Chilean light aircraft design

The ENAER ECH-02 Ñamcú was a single-engine, two-seat, light aircraft, designed and built by the Chilean manufacturer ENAER. A first prototype flew in 1989, and while the joint venture company Euro-ENAER was set up to build the aircraft in the Netherlands as the Euro-Enaer Eaglet, these plans failed when Euro-ENAER went bankrupt in 2002.

==Design and development==
The Chilean Air Force established an aircraft manufacturing arm, IndAer, in 1980, which began by assembling Piper PA-28 Dakotas and building the ENAER T-35 Pillán military light trainer, which was developed by Piper for manufacture in Chile. IndAer became ENAER (Empresa Nacional de Aeronáutica de Chile), a separate state-owned company, in 1984.

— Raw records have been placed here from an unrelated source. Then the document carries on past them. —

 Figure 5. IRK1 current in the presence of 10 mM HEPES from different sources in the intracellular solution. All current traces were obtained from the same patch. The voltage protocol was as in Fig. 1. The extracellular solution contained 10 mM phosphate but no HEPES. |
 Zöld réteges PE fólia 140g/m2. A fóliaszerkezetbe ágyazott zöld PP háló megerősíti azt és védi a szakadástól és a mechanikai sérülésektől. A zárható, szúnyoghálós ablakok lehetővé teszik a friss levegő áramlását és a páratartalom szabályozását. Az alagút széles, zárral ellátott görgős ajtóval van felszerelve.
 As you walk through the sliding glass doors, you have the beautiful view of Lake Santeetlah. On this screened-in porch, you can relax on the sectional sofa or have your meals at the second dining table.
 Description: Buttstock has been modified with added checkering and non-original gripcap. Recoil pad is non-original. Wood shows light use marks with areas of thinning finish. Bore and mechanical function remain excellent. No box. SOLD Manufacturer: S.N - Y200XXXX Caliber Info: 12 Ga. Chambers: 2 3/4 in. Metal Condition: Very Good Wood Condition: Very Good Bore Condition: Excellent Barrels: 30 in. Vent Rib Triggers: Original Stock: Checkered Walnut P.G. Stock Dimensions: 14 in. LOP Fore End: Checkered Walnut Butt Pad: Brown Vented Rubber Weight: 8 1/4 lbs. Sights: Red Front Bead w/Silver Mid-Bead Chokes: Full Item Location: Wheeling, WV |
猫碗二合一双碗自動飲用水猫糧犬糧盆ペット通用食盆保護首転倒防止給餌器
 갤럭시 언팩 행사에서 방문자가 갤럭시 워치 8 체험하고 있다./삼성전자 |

In 1986, ENAER began work on its first entirely indigenous aircraft, a two-seat, single-engined light aircraft suitable for use by flying clubs as a training aircraft. As such, the project (at first known as the Avion Livano (light aircraft)), was to be inexpensive, with a price of US$70,000 claimed in 1991.

The Ñamcú was a low-wing tractor monoplane with a fixed nosewheel undercarriage. It was of all-composite construction, with most of the structure made of glassfibre and polyurethane sandwich material, while the wing spars were made of a mixture of glassfibre and carbon fibre. The crew of two sat side by side in a fully enclosed cockpit, with gull-wing doors. A 115 hp Textron Lycoming O-235-N2C flat-four piston engine drove a two-bladed fixed-pitch propeller.

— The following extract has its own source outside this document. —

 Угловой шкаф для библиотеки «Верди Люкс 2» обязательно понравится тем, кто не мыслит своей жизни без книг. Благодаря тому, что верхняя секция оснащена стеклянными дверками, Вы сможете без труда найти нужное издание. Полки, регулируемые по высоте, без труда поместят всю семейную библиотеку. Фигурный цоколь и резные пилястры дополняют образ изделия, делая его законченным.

The first prototype made its maiden flight in April 1989, with three more prototypes following, one of which crashed on 11 February 1992 following a bird strike, killing the pilot.

After attempts to interest the Chilean Air Force in the Ñamcú failed, ENAER set up Euro-ENAER, a joint venture with the Delft University of Technology and Dutch investors, to certify the aircraft as airworthy in the Netherlands under European regulations, with ENAER hoping to sell 50 aircraft per year, at a price which had now increased to US$100,000 an aircraft. By 1998, it was planned to assemble a modified version of the aircraft, powered by a 110 kW Textron Lycoming O-320-D2A engine, in a new factory in the Netherlands. Certification of the Eaglet was expected by late that year, with the aircraft having a price of $120,000. In early 1999, Euro-ENAER was blaming poor weather and difficulties with the Joint Aviation Authorities for delays in certification for the Eaglet, whose unit price had now reached US$160,000, although the company was now forecasting annual sales of 50 per year in Europe and 200 a year in America. Euro-ENAER finally managed to certify the Eaglet in 2001, but the company announced it needed additional funding to start production. These efforts failed, however, and Euro-ENAER was declared bankrupt later that year.